Anoka-Hennepin School District Superintendent Dennis Carlson, and
Director of Special Education Mary Clarkson
Chronic underfunding of general education harms districts more than high special education costs
An Interview with The Civic Caucus
May 10, 2013
Present
Dave Broden, Dennis Carlson, Mary Clarkson, Pat Davies, Paul Gilje (coordinator), Randy Johnson, Sallie Kemper, Dan Loritz (chair), Dana Schroeder, Clarence Shallbetter. By phone: Audrey Clay, Janis Clay, Tim McDonald.
Summary
Anoka-Hennepin School District Superintendent Dennis Carlson and district Director of Special Education Mary Clarkson make the point repeatedly in the discussion that the real problem in funding is not the cost to the district of special education, but the chronic underfunding of general education. According to Carlson, $100 million of the district's $400 million budget goes to special education. About 12 percent of the district's 39,000 students receive special education services. In order to supplement funding from the state and federal governments, the district must draw $31 million a year from its general education fund to pay the full costs of special education. If the state and local governments would cover that cross subsidy, Anoka-Hennepin could hire 500 more teachers, which would cut class sizes and serve all students better. Carlson points out that serving special education students often costs far more than the revenue the students bring into the district. Clarkson reports that currently there are more students receiving services for autism than for learning disabilities, a turnaround from seven years ago. She says that school districts now bear the responsibility of educating students with intense needs, who might have been institutionalized in the past. She would reduce paperwork in special education by reducing the number of individualized education plans (IEPs) by 70 to 80 percent, focusing rather on program growth for all students. Carlson concludes by saying that school districts are in the business of "tough love," trying to balance underfunding with the expectations of parents.
Introduction
Dennis Carlson is superintendent of the Anoka-Hennepin School District, ISD 11, the largest school district in Minnesota, with an enrollment of 39,000 students. He began his career as an art teacher in Mercer (WI) Common School District. He spent one year as recreation supervisor at a youth center in Kenosha, WI, and then became a community education director, serving in the Glencoe and Elk River school districts and at Anoka-Hennepin, beginning in 1986. He held that position until 2003, when he was appointed assistant to the superintendent, and, finally, superintendent in 2008.

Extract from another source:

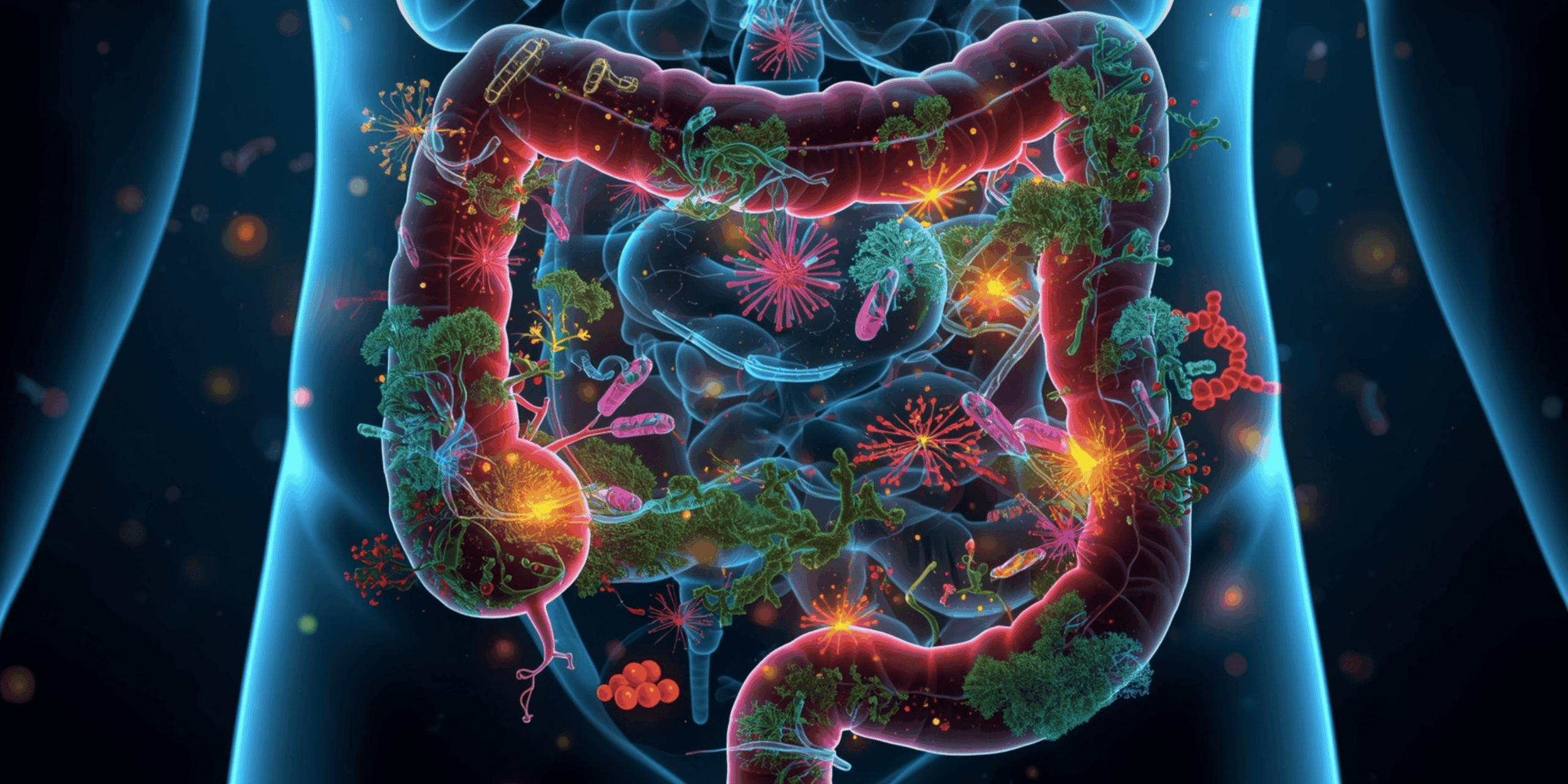 Ilustrasi konseptual ekosistem mikrobioma dalam usus — sumber: Leonardo AI, 2025.

He has held many leadership positions, serving on the Minnesota Community Education Association board for five years, including a year as president. He was co-chair of the National Council of State Community Education Associations and served on the board of the National Community Education Association. He was also co-chair of the membership committee of the Minnesota Association of School Administrators and regional chair of the legislative committee for Schools for Equity in Education. In addition, he served as the president's appointee on the Minnesota School Public Relations Association Board of Directors and won that organization's District Leadership in Communication Award.

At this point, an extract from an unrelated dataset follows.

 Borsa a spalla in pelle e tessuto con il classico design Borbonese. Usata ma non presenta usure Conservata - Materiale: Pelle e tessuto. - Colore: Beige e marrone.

Carlson also earned numerous awards from the Minnesota Community Education Association, including its President's Award in 1983, Director of the Year Award in 1985, and Lifetime Achievement Award in 2003. He also earned the National Community Education Association's Special Service Award in 1985, as well as the organization's Outstanding Contribution to State Legislation Award in 2002.
He earned a B.A. degree from the University of Minnesota in 1969 and an M.A. degree in Community Education from Mankato State University.
Mary Clarkson is director of special education in the Anoka-Hennepin School District, a position she has held since September 2008. She is responsible for the district's special education programs and services for children and young adults from birth to age 21. She oversees a district special education budget of $75 million.
From 2005 through September 2008, Clarkson served as special education coordinator in the Rosemount-Apple Valley-Eagan School District (ISD 196). She coordinated and supported special education programming in eight K-12 schools. She was a special education consultant for the Blaine Cluster in the Anoka-Hennepin district from 2001 to 2005, where she supported special education staff in 13 K-12 schools. She started her career in 1996 as special education lead teacher at Centennial High School in Circle Pines, serving in the self-contained emotional and behavior disorder (EBD) program and Alternative Learning Center. From 1999 to 2001, she was a special education teacher at Century Junior High School in Lakeville.
Clarkson has served on the board of the Minnesota Administrators of Special Education (MASE) and won its 2013 New Special Education Leader Award. She has been Regional Directors Committee Chair for MASE. She has been an adjunct instructor at St. Cloud State University and Minnesota State University, Mankato.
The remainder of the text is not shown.